Directions for this task: Quote word for word the lines below, beginning with the first and ending with the one that has "8●PEライン(号)0.4 - 1.0●パワーUL●テーパー/アクションR●使用材料カーボン73%,グラス27%". Drop the pictures.

Source material:
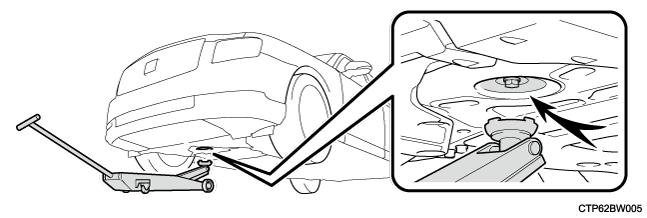 ガレージジャッキを使用して車両を持ち上げるときは、正しい位置にガレージジャッキをセットしてください。
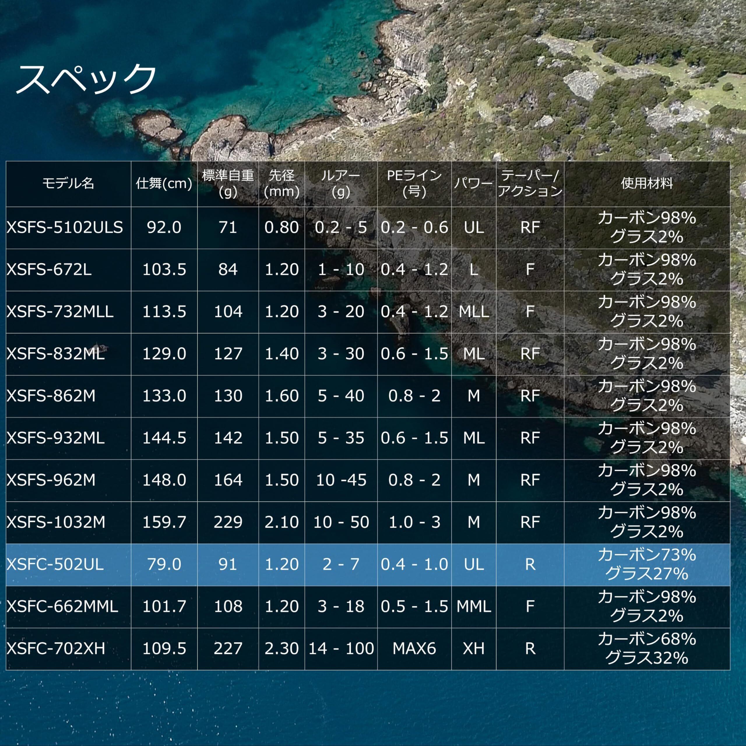 全長(ft/cm)5'0"/152.5●仕舞(cm)79●標準自重(g)91●先径(mm)1.2●ルアー(g)2 - 7●フロロカーボンライン(lb)4 - 8●PEライン(号)0.4 - 1.0●パワーUL●テーパー/アクションR●使用材料カーボン73%,グラス27%
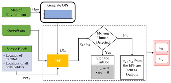 Figure 8 provides an overview of the local planner. The local planner is an online/real-time process that attempts to follow the GlobalPath while making complex decisions in regard to obstacle avoidance. The local planner is implemented at each time step to determine the best path for keeping a safe distance from static and/or dynamic obstacles. The local planner primarily utilizes the EPF algorithm based on multiple input parameters. These include the Obstacle Points (OPs) of all the static obstacles obtained using the Map information, called obs, the goal information from the GlobalPath, and the locations of all stakeholders (pos) provided by the sensing information in the Sensor block. The stakeholders include human shoppers, employees, and other CartBots. Note that the Sensor block primarily focuses on providing information about dynamic obstacles, which are the stakeholders in this study, since the environment map information is known and fixed.
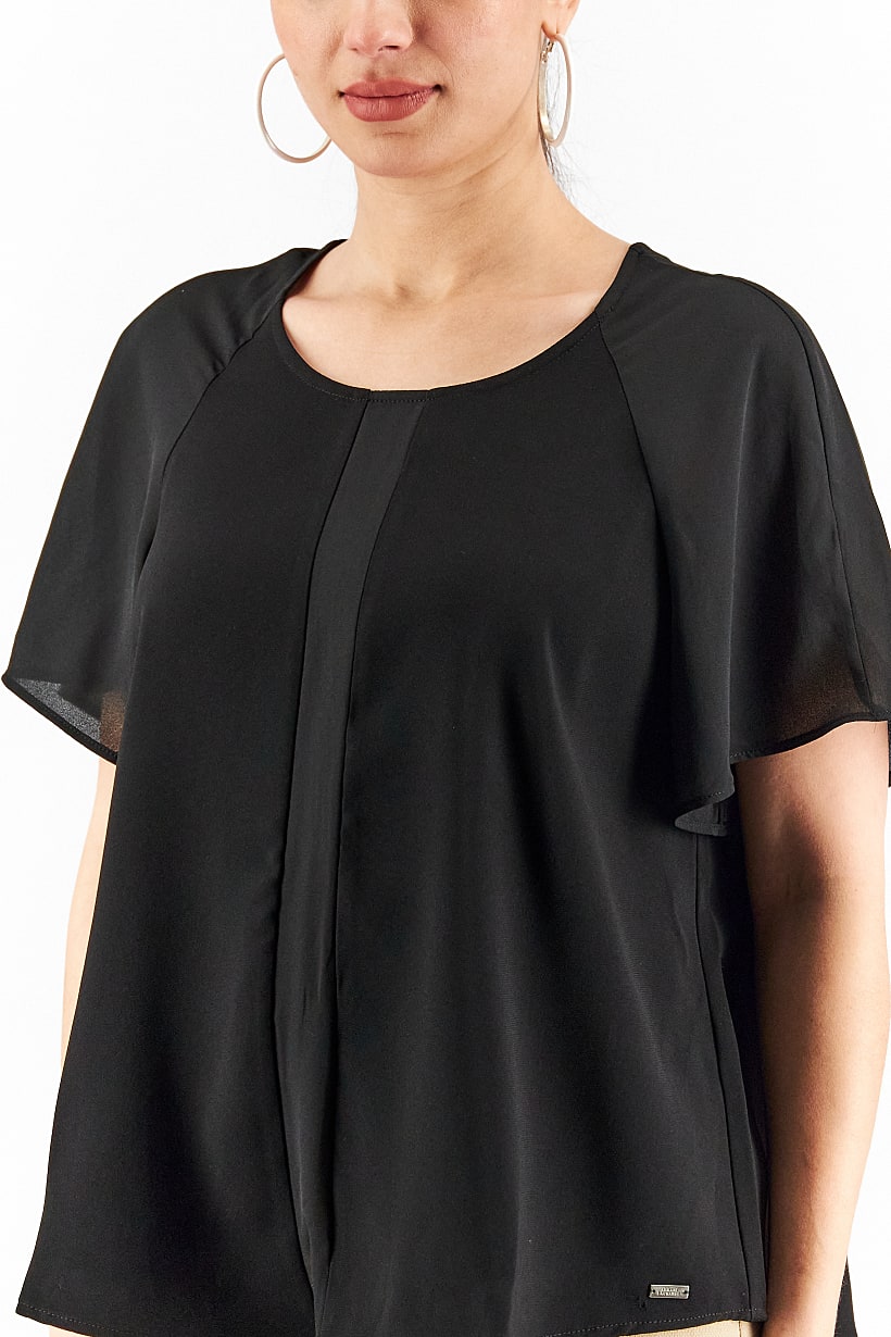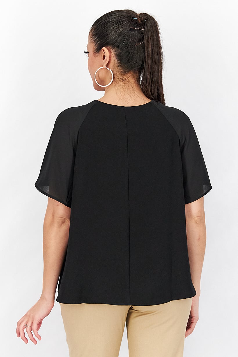 | descriptionOriginal | Care : Machine washable, Fit : Regular fit, Ideal For : Women, Size shown : US, Types of Hem : Straight hem, Types of Neckline & Collar : U-neckline, Types of Sleeve : Sheer sleeve, Disclaimer : Product color may slightly vary due to photographic lighting sources or your monitor settings., Fabrics : 100% Polyester, Occasion : Casual, Pattern & Print : Plain/Solid, Types of Closures : Pullover, Color Family : Black, |

Written reply:
 ガレージジャッキを使用して車両を持ち上げるときは、正しい位置にガレージジャッキをセットしてください。
 全長(ft/cm)5'0"/152.5●仕舞(cm)79●標準自重(g)91●先径(mm)1.2●ルアー(g)2 - 7●フロロカーボンライン(lb)4 - 8●PEライン(号)0.4 - 1.0●パワーUL●テーパー/アクションR●使用材料カーボン73%,グラス27%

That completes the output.